Hyman takes a good, hard look at the American obsession in youth sports and how it has changed the way sports are played and kids are treated physically, mentally and emotionally. I see it everyday at work, I see the battles that these young bodies go through and the wear and tear it brings upon them.

Hyman shows us the root of all these problems started when we took the kids out of their natural environment-stick, ball and open field and forced them into sport-specific training, competition and exhibition. The need to always be better, always be the best athlete and one-up the other kids has become so ingrained it is hard to imagine it any other way. Hyman shows us the true root of these issues: Adults. Not just parents; but parents and coaches and referees and program directors and specialty experts and every adult who tries to redeem their own youth through these children.

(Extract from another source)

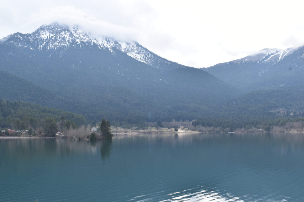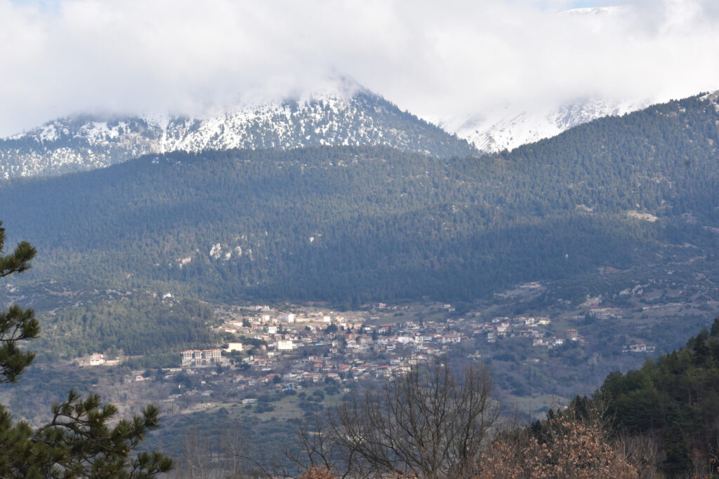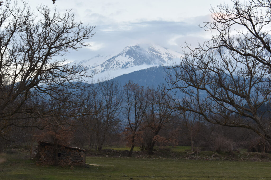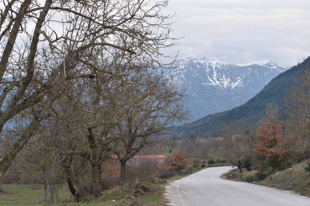 Ο δρόμος που ενώνει τα Καλύβια με το Μεσινό είναι γραφικότατος. Μεγάλες καρυδιές και καστανιές μπλέκονται με βοσκοτόπια και σπαρτά χωράφια. Ύστερα περνάς την «προσωρινή» μεταλλική γέφυρα του Ολβίου και βρίσκεσαι στο Μεσινό. Είναι ένα άχαρο χωριό κτισμένο το μισό επάνω στους πρόποδες της Ζήρειας και το άλλο μισό στην πεδιάδα. Μετά πήραμε τον δρόμο πάλι για Γκούρα. Πλέον βράδιαζε αλλά ο ουρανός είχε καθαρίσει από την συννεφιά και μπόρεσα να φωτογραφίσω τα χιονισμένα βουνά σε όλη την μεγαλοπρέπεια τους.
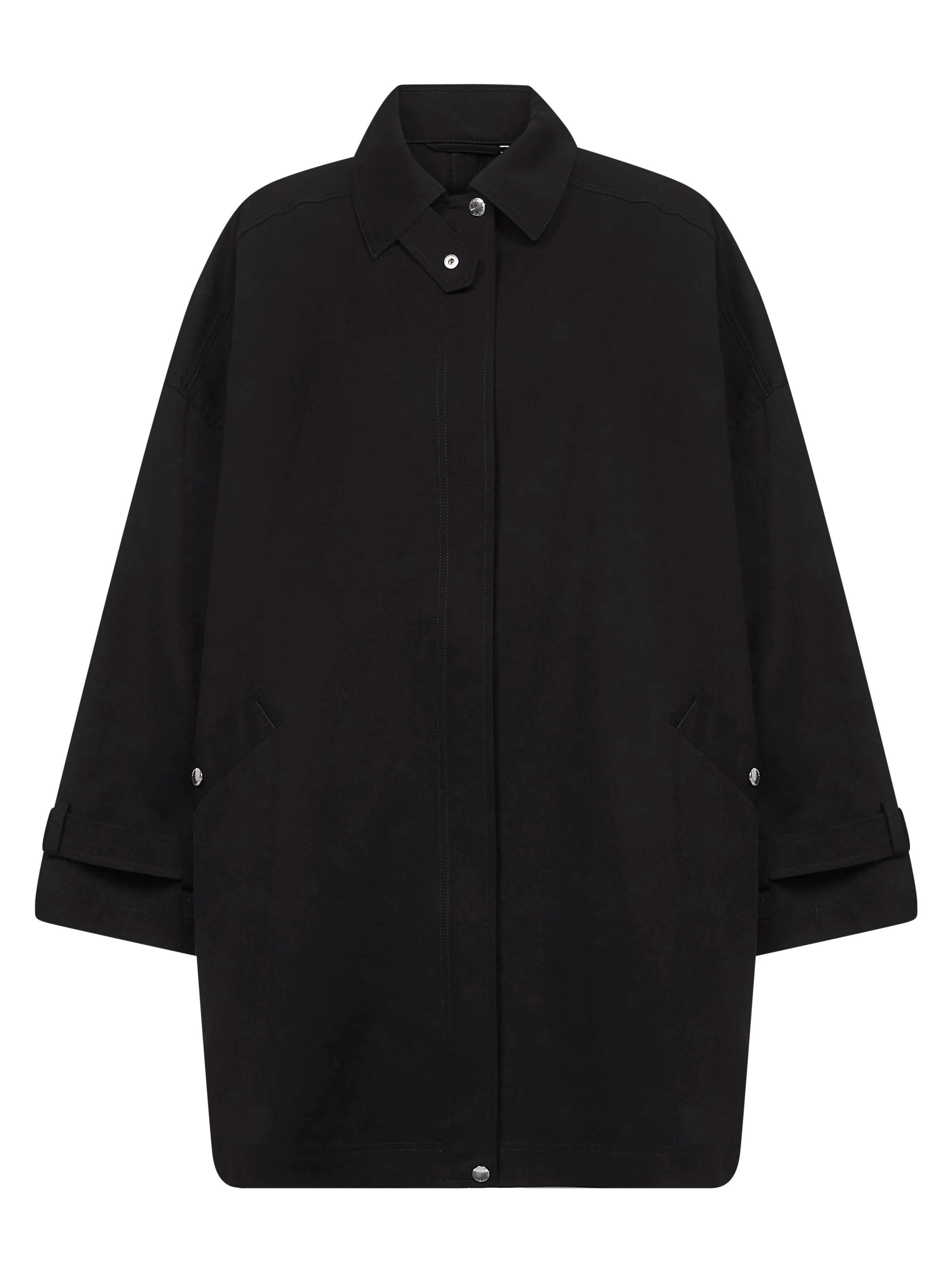 - Front covered zip and snap button placket - Pointed collar, snap-buttoned chin strap - Long sleeves, dropped shoulders, attached adjustable cuff belts - Slanted snap-buttoned side welt pockets - Unlined - A-line silhouette - Oversized fit - Black color - 100% organic cotton - Made in lithuania Natural (Veg): Organic Cotton100 % Made in: Lithuania Season: A25 253WRO0220FB0490-001

Also, he takes an approach to not just show other people's problems, but when he shows his own personal struggle with his son and his injuries it really takes the story to a more individual level. He also concluded the book with some areas in the country where things are being done right, where programs and ideas that bring the sport back to the kid is happening.

When we see the "athletes of tomorrow" in little league, soccer, basketball-they rarely make it to the next level or to the professional level. This book looks at those stories individually and corporately and how many lives it affects, where children stay in sports more out of obligation and less out of desire or the love of the game.

Overall, the ideas and thoughts here need to be put more in the forefront of discussion especially for any parents that have young athletes or adults that work with them or coach them. Overuse is a real problem, and this book gets the topic out there. Every parent should read this book.

What do you think about youth sports?